2002 Volume 42 Issue 8 Pages 882-888
Microstructure of C-free martensitic alloys at elevated temperatures was studied for understanding the origin of their superior creep properties over 923 K. These alloys initially have martensitic structure and the heterogeneous creep deformation seems to be suppressed even under low stress region in distinction from the conventional heat resisting steels because there is no rapid growth of carbides during creep at high temperatures.
Inter-metallic compounds such as Laves or μ phase were dominantly observed over 923 K and these precipitation had been followed by the low temperature reaction that greatly contributed to the typical aging behavior like in the usual maraging steels. It was found that the density of the precipitation was still kept high even at 973 K because its gathering and coalescence rate was small comparing with that of high Cr steels. Furthermore, the reversely transformed austenite phase certainly appeared by the shearing mechanism in these alloys when the materials were rapidly heated up to the temperature for creep testing, because their As points were measured to be at around 873 K. This austenite phase represented terrace like feature in SEM observations. Fortunately, this characteristic structure was resulted from a selective electropolishing in specimen preparation due to the compositional fluctuation. However, it was also confirmed that partitioning of alloying element was not completed in the short-term aged materials.
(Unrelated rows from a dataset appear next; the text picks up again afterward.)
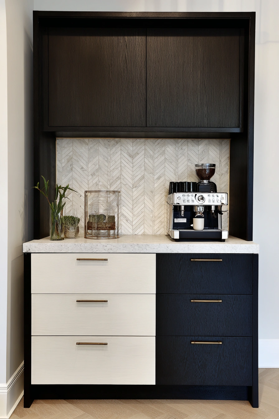 The powerful contrast of black and white cabinetry creates a timeless elegance, which is enhanced by subtle textures that invite you to touch and explore. To achieve a sophisticated yet warm atmosphere in your kitchen, incorporate metallic hardware and natural accents. For a cohesive look, consider a herringbone tile backsplash in soft gray tones and a light marble countertop to complement the cabinetry. Pair this with light oak flooring to add warmth and balance to the modern aesthetic.
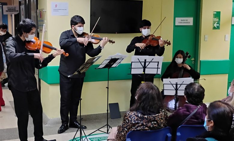 Con un repertorio compuesto por obras de Mozart, Strauss, boleros y valses peruanos, uno de los Cuartetos de Cuerdas de la orquesta regional realizó una intervención musical en dependencias de la Unidad de Oncología “Yasna Godoy Vergara” del Hospital Herminda Martin de Chillán.
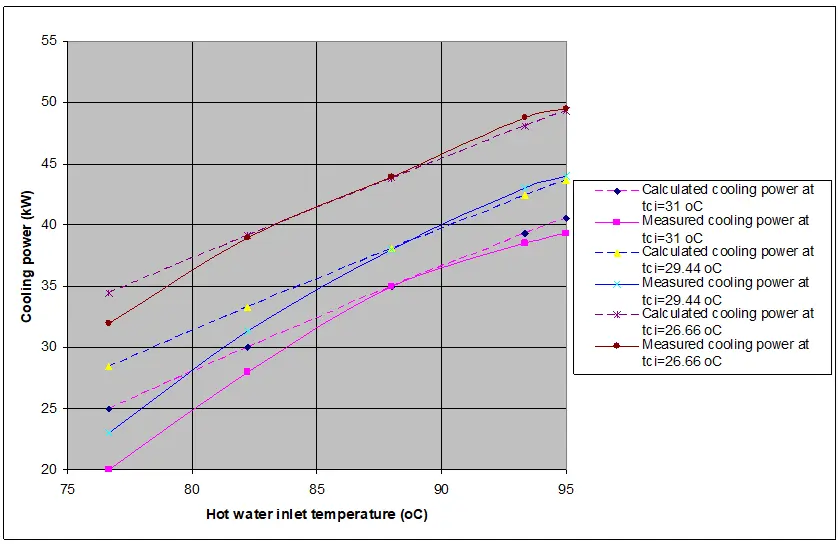La figure suivante montre un bon rapport entre la puissance mesurée et calculée à différentes températures d’entrée de l’eau de chauffage et de l’eau de refroidissement.
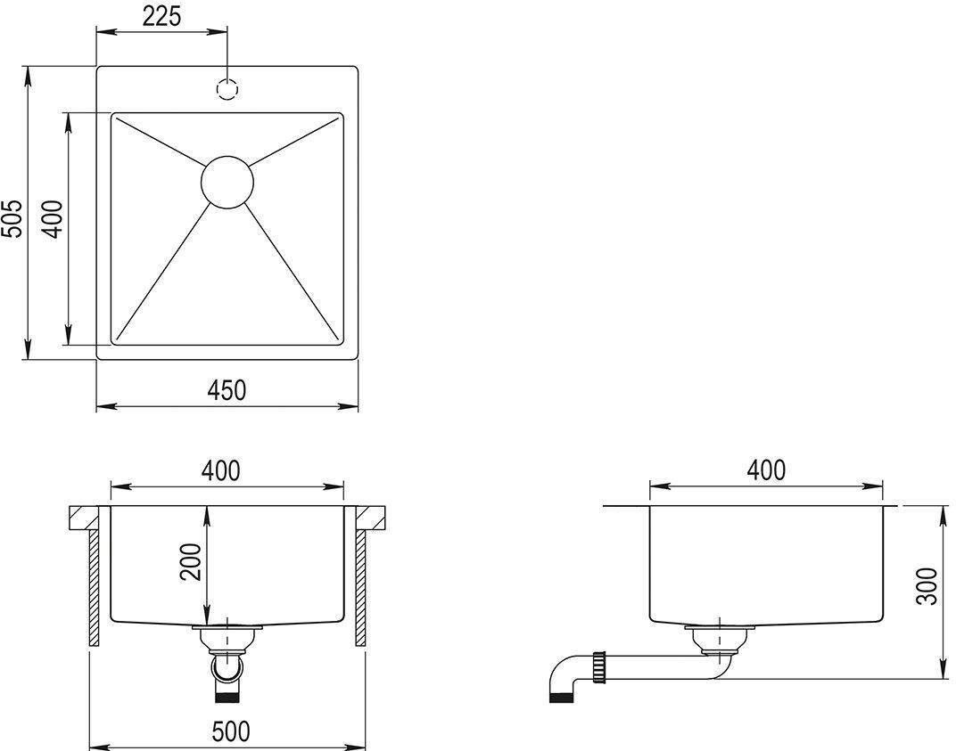 Ristkülikukujuline valamu on mõõtmetega 45 x 50,5 x 20 cm. Valamul on sisse lõigatud segistiava, paigaldatakse töötasapinna sisse. Aluskapi laius peab olema vähemalt 50 cm. Äravooluava on 89 cm, ülevool vertikaalne. Komplekti ei kuulu äravoolupesa ega sifoon.
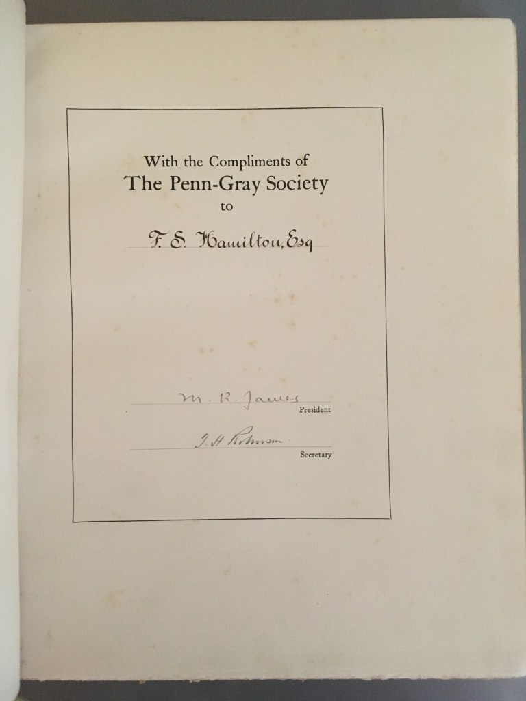 This book is somewhat of an oddity in the collection, and while neither written by nor about James (save for his name appearing in print as president of the Penn-Gray Society on page 42), does contain his signature on a compliments page at the front. As such, I was extremely happy to add this particular volume to the collection.
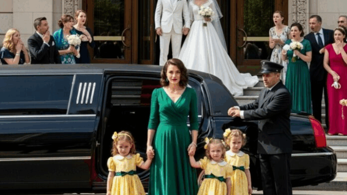 The black car rolled to a stop. The chauffeur stepped out, opening the door with practiced grace. First came three little girls in matching yellow dresses, holding hands, their curls bouncing as they walked down the red carpet. Behind them emerged Emma, wearing an elegant emerald-green gown. Her presence was commanding yet calm, her beauty radiant, and her strength undeniable.
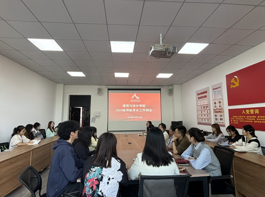 为促进新生养成良好的班风、学风,激发一年级学生学习积极性,帮助2024级导航学长明确工作要点和目标,推动2024级导航学长工作顺利推进,2024年10月22日,建筑与设计学院在8203会议室召开了2024级导航学长工作例会。本次会议旨在总结开学至今2024级导航学长的工作成效,明确下一阶段的工作方向,并为导航学长们提供一个交流与学习的平台。会议由建筑与设计学院党总支副书记梁宁华主持,学院全体辅导员、2023级优秀导航学长代表以及全体2024级导航学长参加会议。
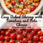 This vibrant and flavorful Baked Shrimp with Tomatoes and Feta Cheese is a simple, Mediterranean-inspired dish featuring juicy roasted cherry tomatoes, tender shrimp, and tangy feta cheese. Perfectly balanced with fresh herbs, lemon juice, and a hint of crushed red pepper flakes, this recipe makes a delightful dinner that can be prepared in under 40 minutes. Serve it with crusty bread and lemon wedges for a satisfying meal that’s both elegant and easy to make.
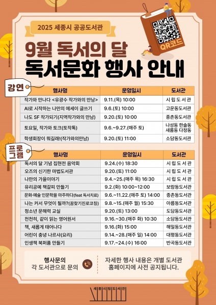 [충청중심뉴스] 세종시 시립도서관이 9월 독서의 달을 맞아 관내 공공도서관15곳에서 시민 독서 문화 확산을 위한 각양각색의 독서문화 행사를 운영한다.
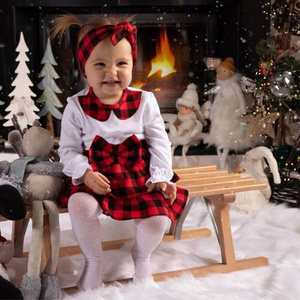 Плаття-боді + пов'язка на голівку 163556 "Magia Świąt" Nicol, - клітинка: чорний, червоний
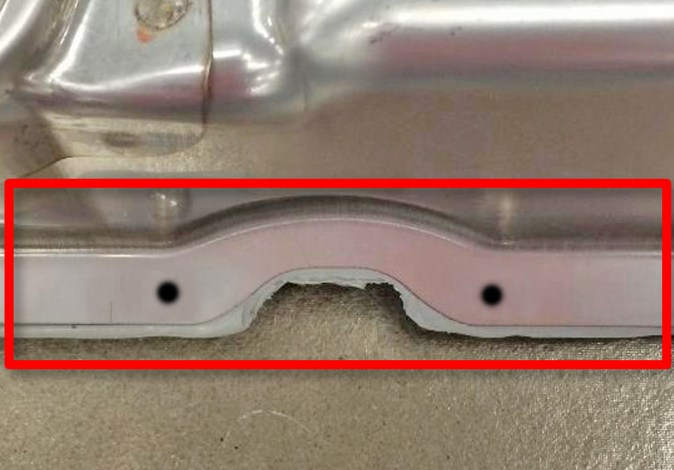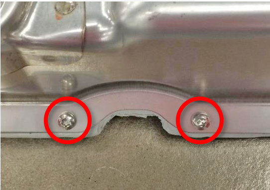 - Remove and discard the screws (x2) that attach the broken aeroshield support tab to the HV battery, and then remove and discard the broken aeroshield tab.
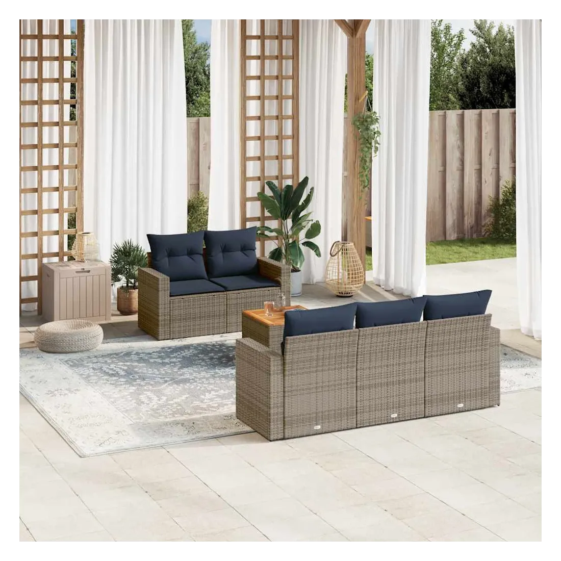 Cet ensemble de canapés de jardin est le complément parfait de votre arrière-cour, terrasse ou patio, offrant un espace confortable et accueillant pour discuter avec la famille et les amis ou simplement se détendre et profiter de l'extérieur. Matériau durable : la résine tressée, également connue sous le nom de poly rotin, est un matériau synthétique solide et nécessitant peu d'entretien qui ressemble au rotin naturel. Il est léger, facile à nettoyer et couramment utilisé pour les meubles d'extérieur en raison de sa durabilité et de ses propriétés de résistance aux intempéries.Fonction de rangement avec sac résistant à l'eau : chaque siège de jardin dispose d'un espace de rangement sous l'assise, complété par un sac résistant à l'eau pour ranger les coussins, les jouets et d'autres objets. Les sacs intérieurs sont dotés d'un couvercle et peuvent être solidement fixés aux sièges à l'aide de bandes auto-agrippantes pour plus de stabilité.Dessus stable et facile à nettoyer : cette table de jardin a un dessus en bois d'acacia robuste, durable et facile à nettoyer avec un chiffon humide.Housse amovible et lavable : ces coussins de siège sont dotés de housses amovibles pour un lavage et un entretien faciles.Conception modulaire : cet ensemble de meubles d'extérieur a une conception modulaire, ce qui le rend complètement flexible et facile à déplacer, afin que vous puissiez créer un agencement de meubles d'extérieur personnalisé. Bon à savoir :Pour que vos meubles d'extérieur restent beaux, nous vous recommandons de les protéger avec une housse imperméable.
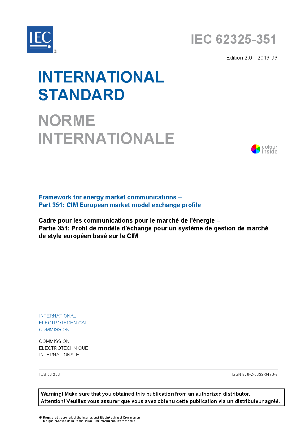 IEC 62325-351:2016 Framework for energy market communications - Part 351: CIM European market model exchange profile
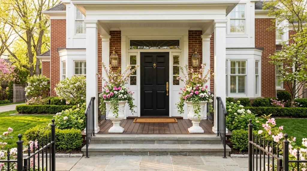 Choose planters in a color that complements your front door — black planters against a white door, terracotta against sage green, or white urns against a bold navy. The combination of your door color and matching planters is what creates that “wow” moment for anyone approaching your home.
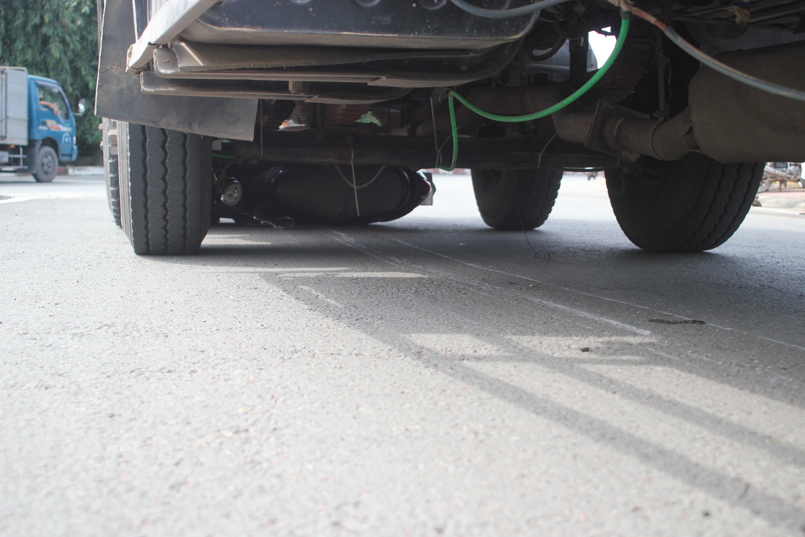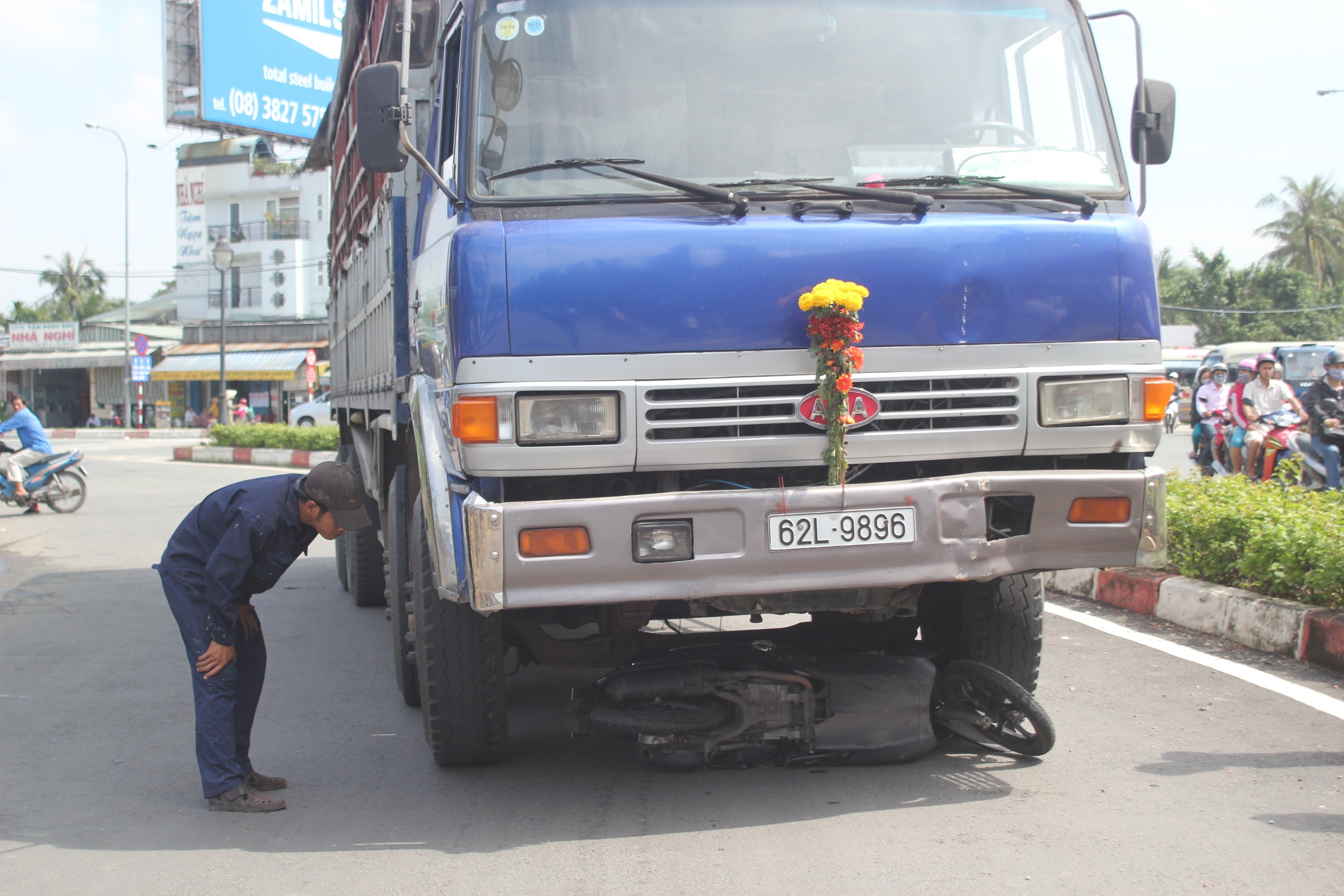 Tại hiện trường, xe máy của nạn nhân nằm ngay dưới cabin xe tải. Chị Lan được người dân xung quanh kéo ra rồi đưa đi cấp cứu tại bệnh viện Chợ Rẫy với nhiều vết thương trên người.
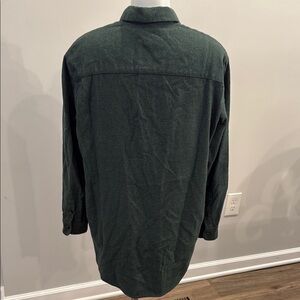 Stylish dark green button-down shirt. Features two chest pockets and two extra seam pockets on the sides, idk what to call those— lol. Perfect for casual wear. Some light wash wear.
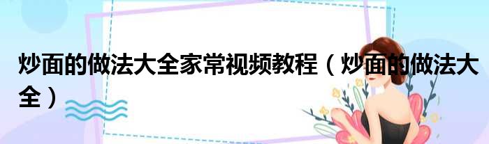 炒面的做法大全家常视频教程(炒面的做法大全)

It was concluded that the characteristic microstructure of these alloys over 923 K was continuously formed as follows. Firstly, uniform fine precipitation of inter-metallic compounds occurred at early stage and then the reversely transformed austenite was broken out without diffusion process. Finally, dissolution of precipitation in the retained martensitic region was assisted by long-term keeping at high temperatures. Consequently, it was expected that specific creep resistance of these alloys over 923 K be achieved by existence of large amount of austenitic phase strengthened by fine precipitation.